In October 1964, when R. Macuch was preparing lead rolls for publication,83 he wrote in
despair to Lady Drower about a disconcerting discovery: he thought a certain linguistic
feature seemed to show that the rolls could not be pre-Islamic. This went completely
against Macuch’s (and almost everybody else’s) theories, and he lost several nights of
sleep over the matter. Lady Drower, however, had a different interpretation and set
Macuch right, to his great relief.84

Amulets made to order will carry the name of the customer. A small ‘against the evil eye’
Mandaean amulet in brass, in the shape of an eye when the piece is turned sideways,
hangs on my office wall. It belonged to Lady Drower but it is quite modern, and was not
made for her, but for a named male person. The two small, drilled holes at either end of
the item indicate that it could be sewn on to a garment.

Inscribed clay bowls are often paired, buried under thresholds in order to protect the
house and its inhabitants. Illustrations often appear on the bowls.

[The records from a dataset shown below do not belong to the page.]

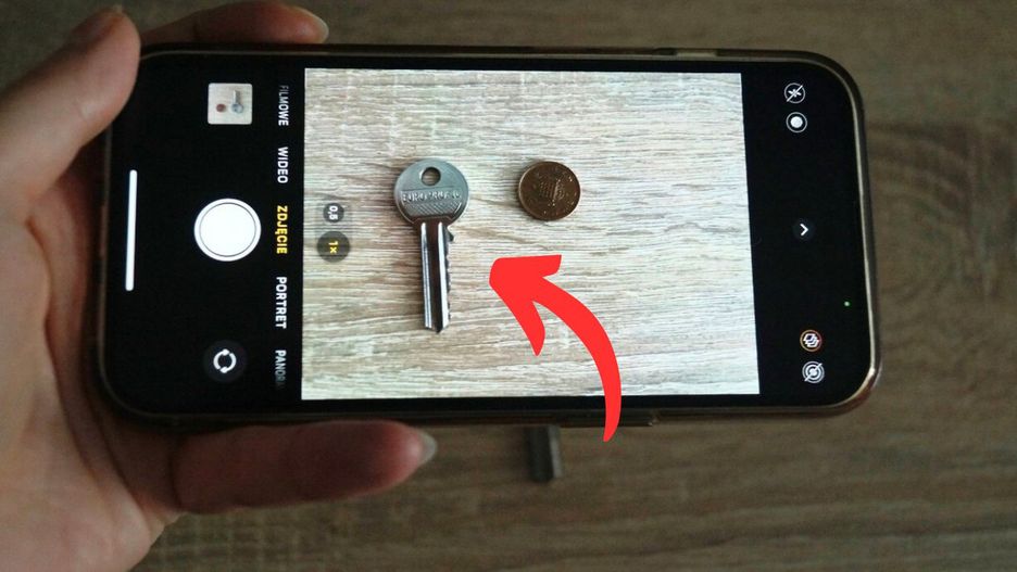 - Zdjęcie musi zostać wykonane w odpowiedni sposób, by klucz miał na nim swój naturalny rozmiar. Dla zachowania skali użyj dwóch monet o dowolnym (ale jednakowym) nominale. Jedną z nich ułóż obok klucza, a drugą na ekranie telefonu. Ustaw aparat tak, by moneta na stole dokładnie pokrywała się z tą na telefonie.
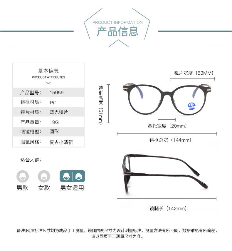 4. Cuando no use gafas, envuélvalas con un paño y guárdelas en su estuche. Si las guarda temporalmente, coloque la parte convexa de las gafas hacia arriba para evitar que las lentes se rayen fácilmente. Evite el contacto con productos corrosivos como repelentes de insectos, productos de limpieza para inodoros, cosméticos, laca para el cabello, medicamentos, etc., y evite la exposición prolongada a la luz solar directa y a altas temperaturas (superiores a 60 °C). Esto puede causar el deterioro, la decoloración, etc. de las lentes y la montura.
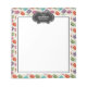 Personalised notepad with a cute pattern of macarons in many different colours with a faint polka dot pattern behind. A white frame in the centre to write inside with a fancy vintage-looking black and white decorative frame at the top with yourpersonalized text inside.
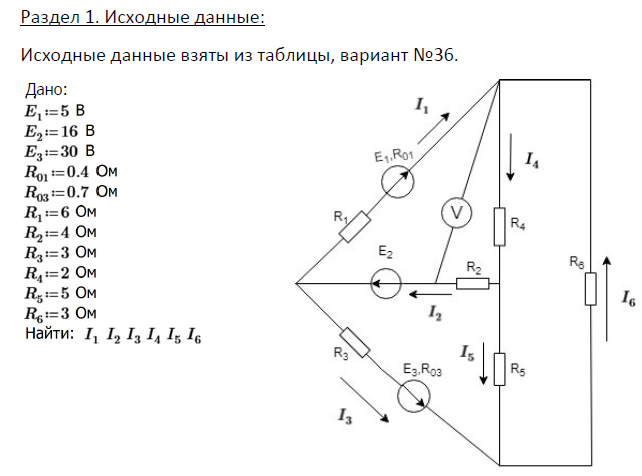 Раздел 7. Определение показания вольтметра, указанного в исходной схеме
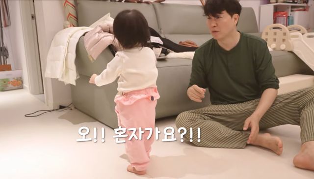 14개월인 재이는 엄마, 아빠의 손을 잡고 걸어다닐 수 있게 됐다. 박수홍은 딸의 손을 잡고 집을 돌아다니다 "이제 재이가 손 잡고 집 안 어디든지 다닌다. 조금 있으면 혼자서 아빠한테 달려올 것 같다. 진짜. 눈물 날 것 같다"고 말했다.
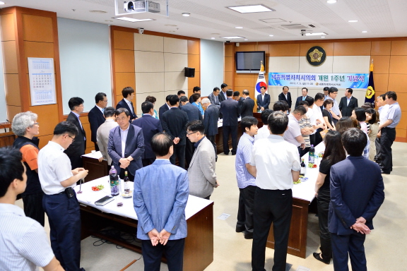 이날 행사는 국민의례, 개원 1년간의 성과 동영상 감상, 유공공무원 표창, 의장님 인사말씀, 축하떡 절단, 건배제의(김선무, 강용수 부의장) 순으로 진행됐다.
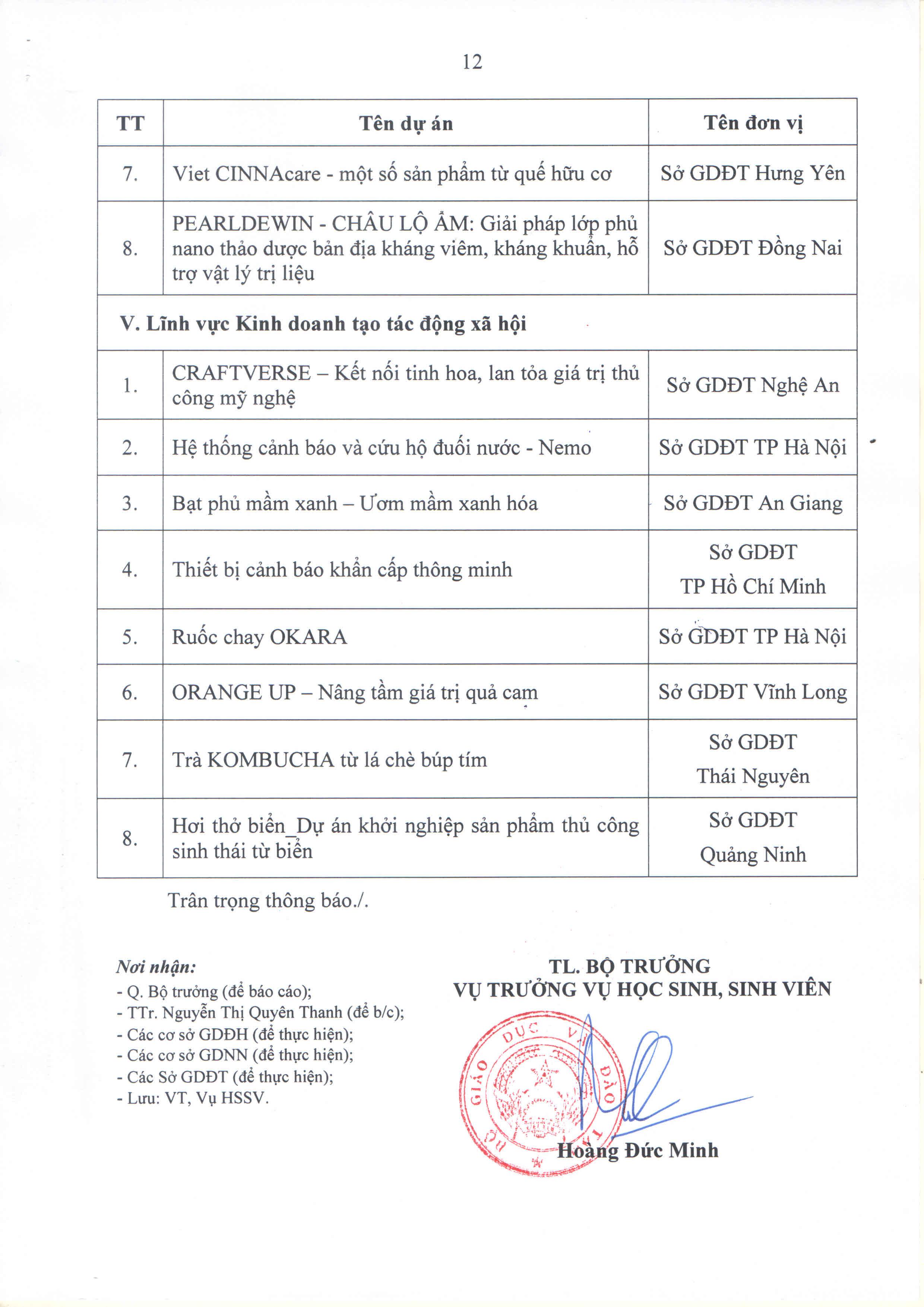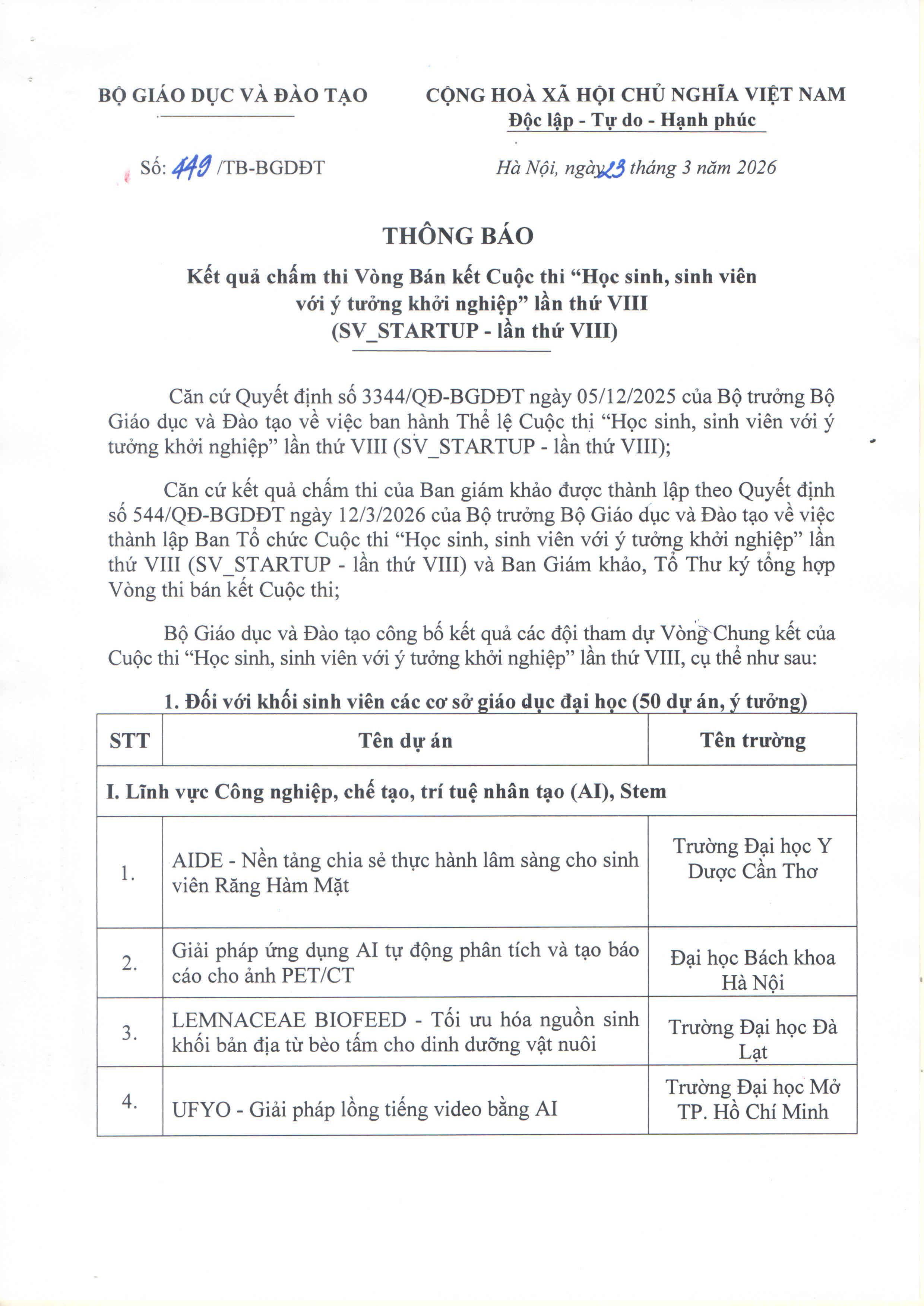 Ngày 23/3/2026, Bộ Giáo dục và Đào tạo ban hành văn bản số 449/TB-BGDĐT thông báo Kết quả chấm thi Vòng Bán kết Cuộc thi “Học sinh, sinh viên với ý tưởng khởi nghiệp” lần thứ VIII (SV_STARTUP - Lần thứ VIII)

The script tends to
begin at the centre, moving outward in spirals, but sometimes the bowl is separated into
sections by borders, with text in triangular spaces inside. An article by E. C. D. Hunter
shows such examples in three bowls in the British Museum.85 As noted, one bowl serves
as a lid for its companion, protecting the text inside so that it does not escape. That the
holy text, the Ginza, is arranged in the same manner, with GR upside down to GL, is not by
chance, in my view.

H. Pognon was the first to publish on Mandaean incantation bowls at the end of the
nineteenth century.86 Several other scholars followed his lead, not least because of
continued new archaeological finds in Mesopotamia. The Mandaic language on the bowls
turned out to be very close to the oldest stages of Mandaean religious texts. This shows
that these so-called ‘magical’ texts presuppose some of the very old Mandaean texts, such
as liturgies and mythologies. The temptation simply to assign the bowls and other very
early artefacts to a later, ‘degenerate’ stage has been challenged. Earlier generations’
obsession with the question of ‘Mandaean origins’ was closely tied to the so-called
magical contents of the bowls (and also of the metal rolls). In recent years, however, the
bowls and rolls are studied independently of the question of origins.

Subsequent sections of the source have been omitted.